Task objective: Go to the line that contains "2022年1—2月份全国固定资产投资(不含农户)增长12.2%", then write out that line and all that follow to the end of the listing, exactly and without pictures.

Source material:
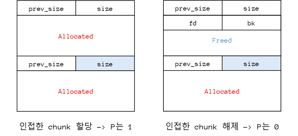 앞쪽 chunk가 free될 땐 앞 size가 현재의 prev_size에 초기화되게 된다.
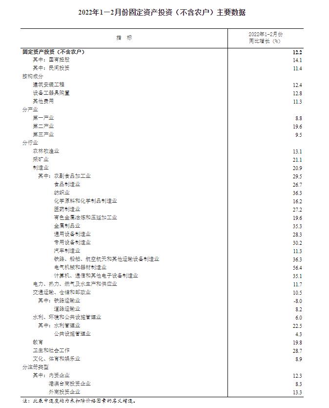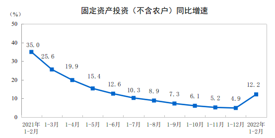 2022年1—2月份全国固定资产投资(不含农户)增长12.2%
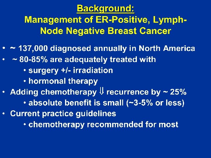 Systemic Therapy - Chemotherapy • Overall survival improvement in clinical trials both for standard and newer treatments • Choice – for patients, for physicians (anthracycline +/- taxanes) • Better decision making aids – www. adjuvantonline. com • Molecular profiles – Oncotype Dx, Mammo. Print • Improved supportive care
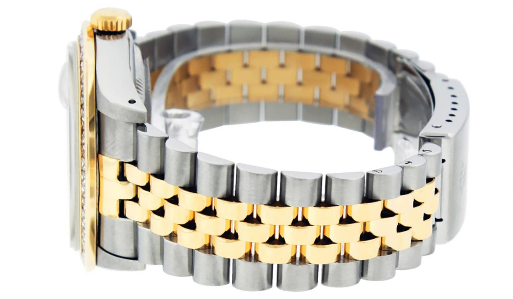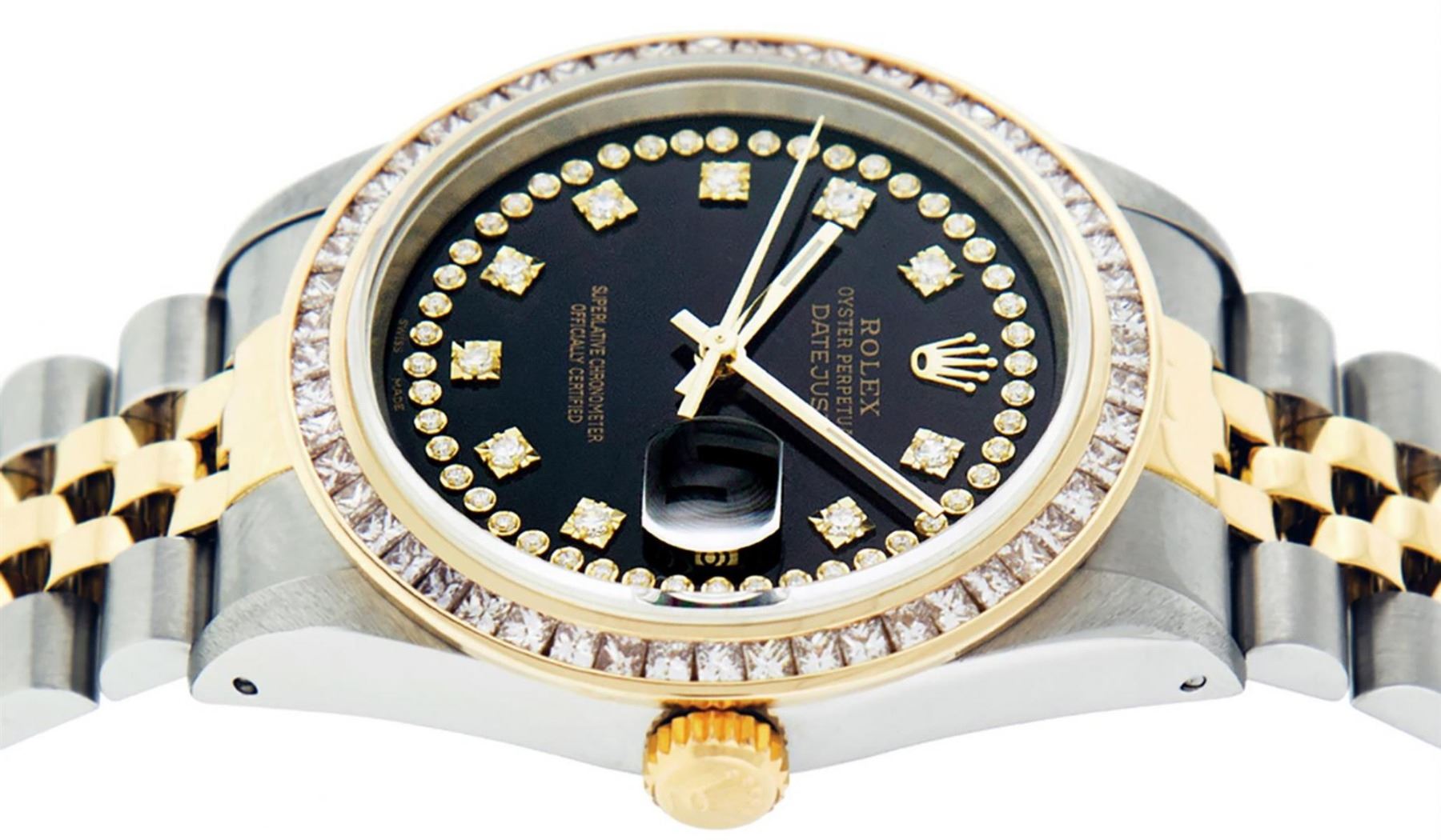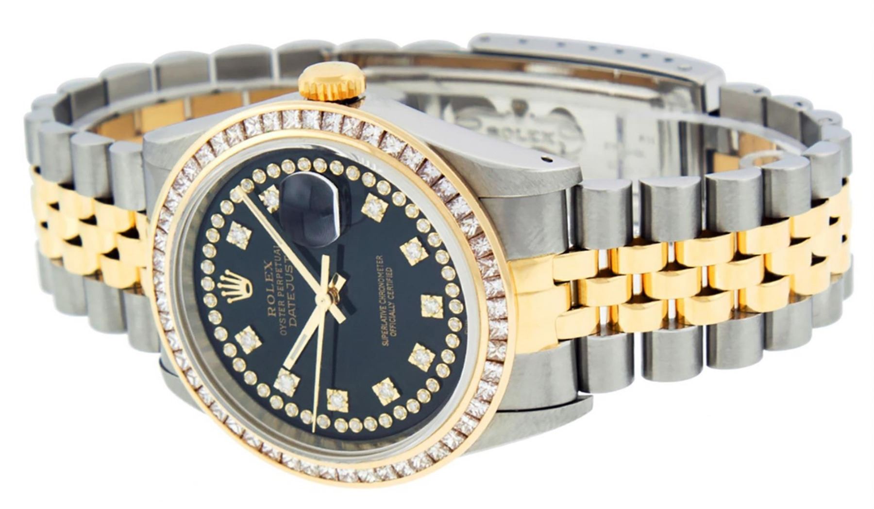 One Mens Yellow Gold & Stainless Steel Two Tone Rolex Datejust Polished Bright with Satin Finish, Serviced & Electronically Tested, Yellow Gold And Stainless Steel Case: 36mm, Yellow Gold Crown, Custom Bezel: New Yellow Gold Princess Cut Diamond Bezel, Diamond Count: 53 Diamonds, Total Weight 2.75 Carat, Clarity: SI-VS, Color: G to H. Custom Crystal: New Scratch Resistant Synthetic Sapphire Cyclops Lens. Custom Hands: New Luminecent Hands. Movement: Automatic Winding Movement. Custom Dial: Black String Diamond Dial, Diamond Count: 58 Diamond in Dial, Dial Color: G To H In Color, Clarity: VS2. Date Window: 3 O'Clock Position Date Display, Quickset, Model: Datejust. Condition: G-6 Extra Fine. Bracelet: Yellow Gold And Stainless Steel Jubilee. Bright Polish & Satin Finish. 7.0 Inch Length, Adjustable. Standard Clasp, With Rolex Logo. This Watch Has Been Serviced and Polished And It Is Free Of All Dents And Scratches And Has Been Time Tested.

Answer section:
 2022年1—2月份全国固定资产投资(不含农户)增长12.2%
 Systemic Therapy - Chemotherapy • Overall survival improvement in clinical trials both for standard and newer treatments • Choice – for patients, for physicians (anthracycline +/- taxanes) • Better decision making aids – www. adjuvantonline. com • Molecular profiles – Oncotype Dx, Mammo. Print • Improved supportive care
 One Mens Yellow Gold & Stainless Steel Two Tone Rolex Datejust Polished Bright with Satin Finish, Serviced & Electronically Tested, Yellow Gold And Stainless Steel Case: 36mm, Yellow Gold Crown, Custom Bezel: New Yellow Gold Princess Cut Diamond Bezel, Diamond Count: 53 Diamonds, Total Weight 2.75 Carat, Clarity: SI-VS, Color: G to H. Custom Crystal: New Scratch Resistant Synthetic Sapphire Cyclops Lens. Custom Hands: New Luminecent Hands. Movement: Automatic Winding Movement. Custom Dial: Black String Diamond Dial, Diamond Count: 58 Diamond in Dial, Dial Color: G To H In Color, Clarity: VS2. Date Window: 3 O'Clock Position Date Display, Quickset, Model: Datejust. Condition: G-6 Extra Fine. Bracelet: Yellow Gold And Stainless Steel Jubilee. Bright Polish & Satin Finish. 7.0 Inch Length, Adjustable. Standard Clasp, With Rolex Logo. This Watch Has Been Serviced and Polished And It Is Free Of All Dents And Scratches And Has Been Time Tested.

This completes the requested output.